* [Task prompt]
With pictures left out, output word for word the lines from the one containing "Grapple Arm Material" through the end of the material below.

* [Information]
○ ○ ○ ○ ○

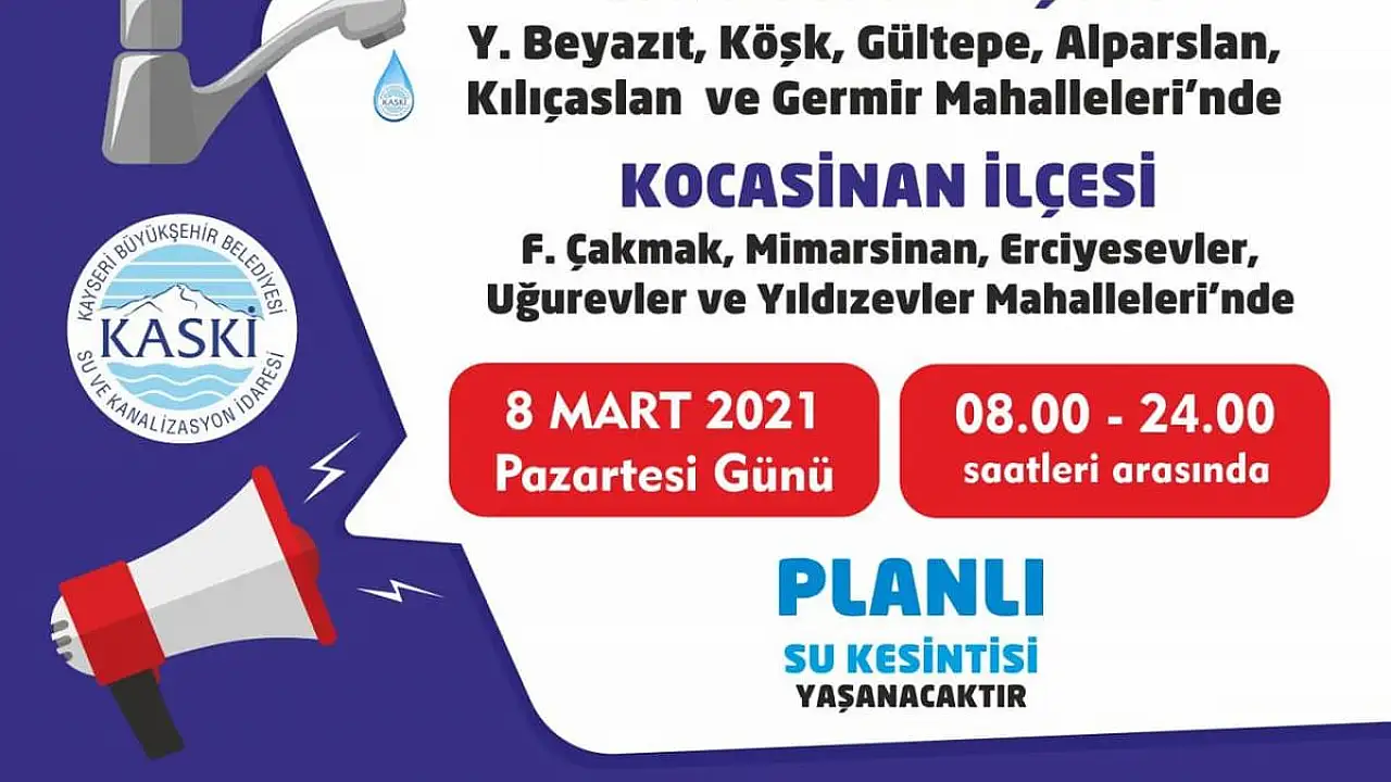 Kayseri Büyükşehir Belediyesi Su ve Kanalizasyon İdaresi (KASKİ) Genel Müdürlüğü’nce, 8 Mart Pazartesi günü 11 mahallede su kesintisi yapılacağı belirtildi.
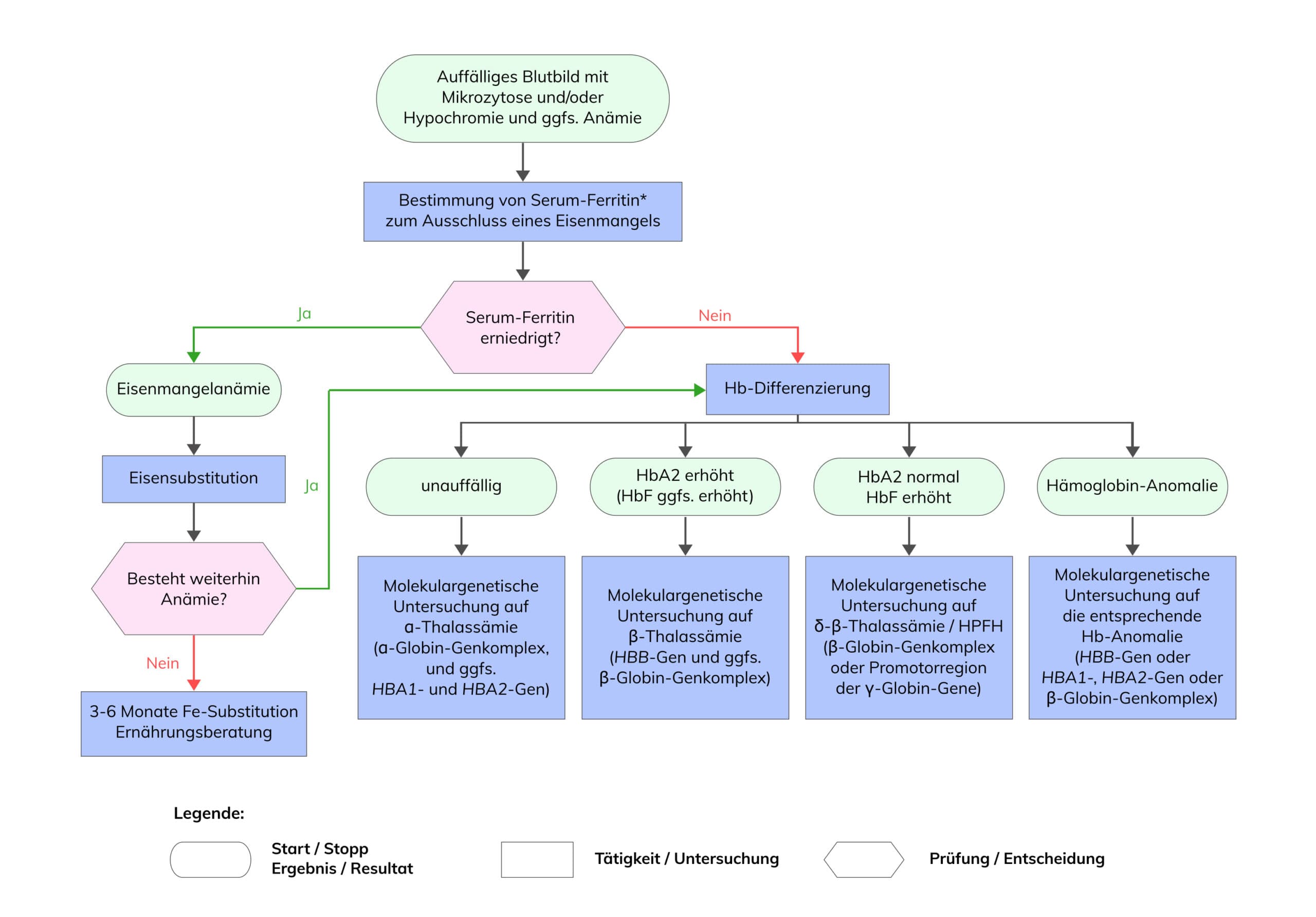 Bei der Diagnostik von Hämoglobinopathien ist zu beachten, dass diese in den verschiedensten Kombinationen auftreten können. Daher sollten die hämatologischen Befunde (Blutbild, Hb-Differenzierung, Eisenstatus) immer mit den Ergebnissen aus der Molekulargenetik abgeglichen werden.
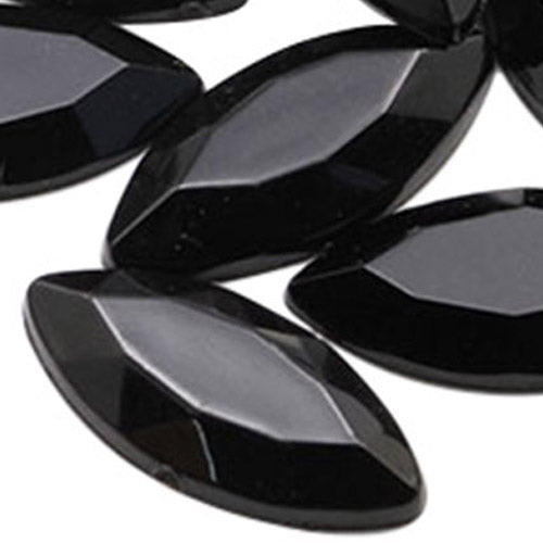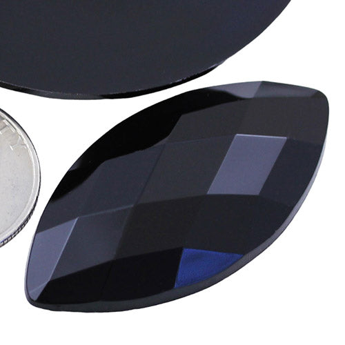 Tiefschwarze extra große Navette Edelsteine mit flachem Rücken - 50x25mm - 2 Stück
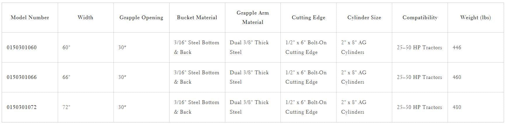| Grapple Arm Material | Dual 3/8" Thick Steel | Dual 3/8" Thick Steel | Dual 3/8" Thick Steel |
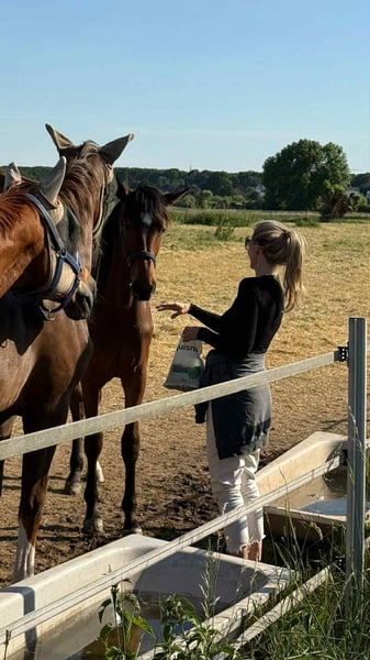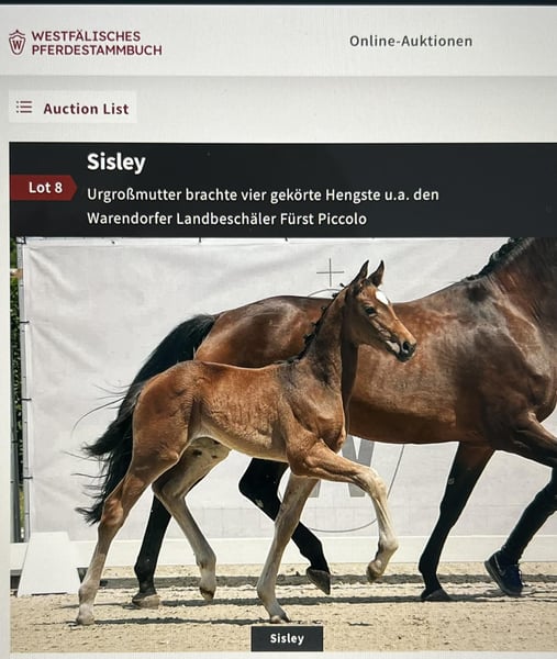 Zum Verkauf steht eine vielversprechende braune Stute, geboren im Jahr 2024. Sie ist aus dem 1. Jahrgang von Sebastino Ps (Secret) Ihre Mutter kommt aus dem Baumeister Stamm, ihre Urgroßmutter brachte 5 gekörte Hengste, u.a Fürst Piccolo. Sissi ist bildschön, wird groß (Endmass 1.76 geschätzt) und bewegt sich sehr schwungvoll und elastisch. Zudem hat sie einen sehr lieben und guten Charakter. Von Geburt an ist sie artgerecht aufgewachsen, mit bestem Futter/Mineralien gefüttert, regelmäßig zum Schmied und geimpft worden. Sie ist ein Juwel für Sport und Zucht. Bei ernsthaftem Interesse kann sie jederzeit vor Ort besichtigt werden.

○ ○ ○ ○ ○

* [Result for this task]
| Grapple Arm Material | Dual 3/8" Thick Steel | Dual 3/8" Thick Steel | Dual 3/8" Thick Steel |
 Zum Verkauf steht eine vielversprechende braune Stute, geboren im Jahr 2024. Sie ist aus dem 1. Jahrgang von Sebastino Ps (Secret) Ihre Mutter kommt aus dem Baumeister Stamm, ihre Urgroßmutter brachte 5 gekörte Hengste, u.a Fürst Piccolo. Sissi ist bildschön, wird groß (Endmass 1.76 geschätzt) und bewegt sich sehr schwungvoll und elastisch. Zudem hat sie einen sehr lieben und guten Charakter. Von Geburt an ist sie artgerecht aufgewachsen, mit bestem Futter/Mineralien gefüttert, regelmäßig zum Schmied und geimpft worden. Sie ist ein Juwel für Sport und Zucht. Bei ernsthaftem Interesse kann sie jederzeit vor Ort besichtigt werden.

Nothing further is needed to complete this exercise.